Member of the Chamber of Representatives
- Incumbent
- Assumed office 9 June 2024
- Constituency: East Flanders

Personal details
- Born: 17 March 1988 (age 38) Ghent, Belgium
- Party: Vooruit
- Alma mater: Hogeschool Gent

= Brent Meuleman =

Belgian politician (born 1988)

Brent C. M. Meuleman (born 17 March 1988) is a Belgian politician and member of the Chamber of Representatives. A member of Vooruit, he has represented East Flanders since June 2024.
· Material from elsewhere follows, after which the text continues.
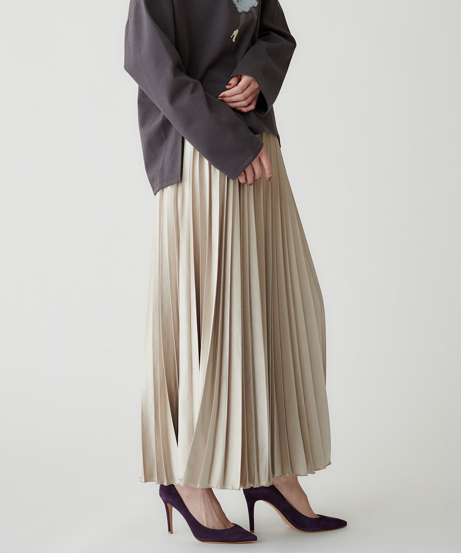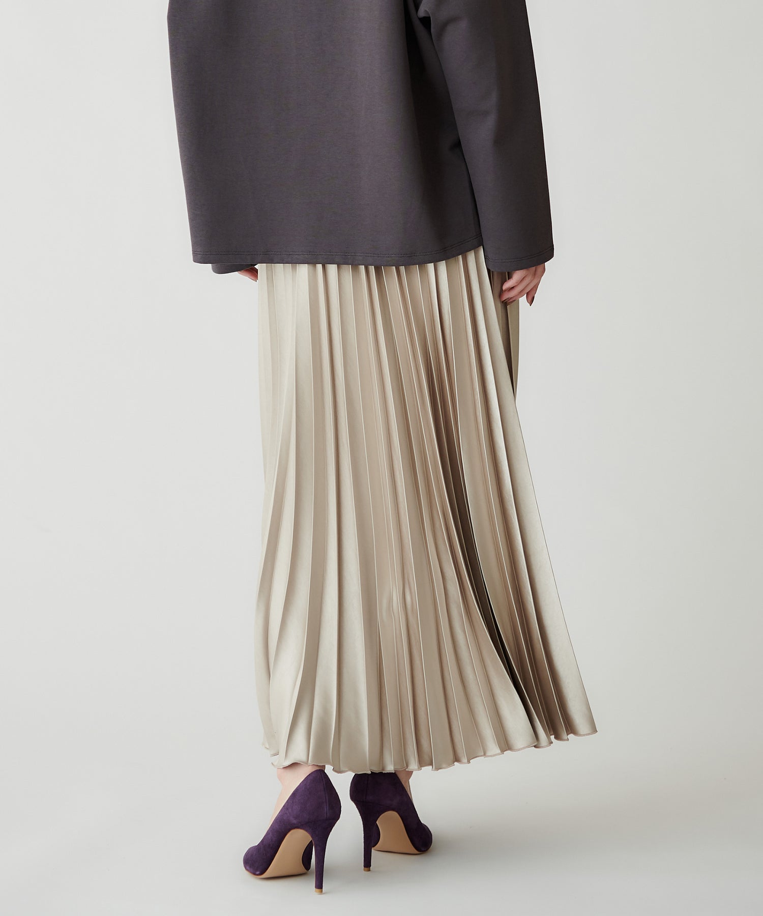 上品なツヤ感を持つサテン素材で、ドレープ性が高く、プリーツのひだが美しく揺れます。

Meuleman was born on 17 March 1988 in Ghent. He is the son of Dirk Meuleman, a labourer at Sidmar, and Vera Herry, a childcare worker at a OCMW crèche. He was educated in Zelzate and obtained a teaching diploma at the Ledeganck campus of the Hogeschool Gent. Meuleman worked as a communications officer for the municipal council in Zelzate between 2009 and 2010. He was a worker at the BP oil refinery at the Port of Ghent. He then taught ethics at the Royal Atheneum in Zelzate.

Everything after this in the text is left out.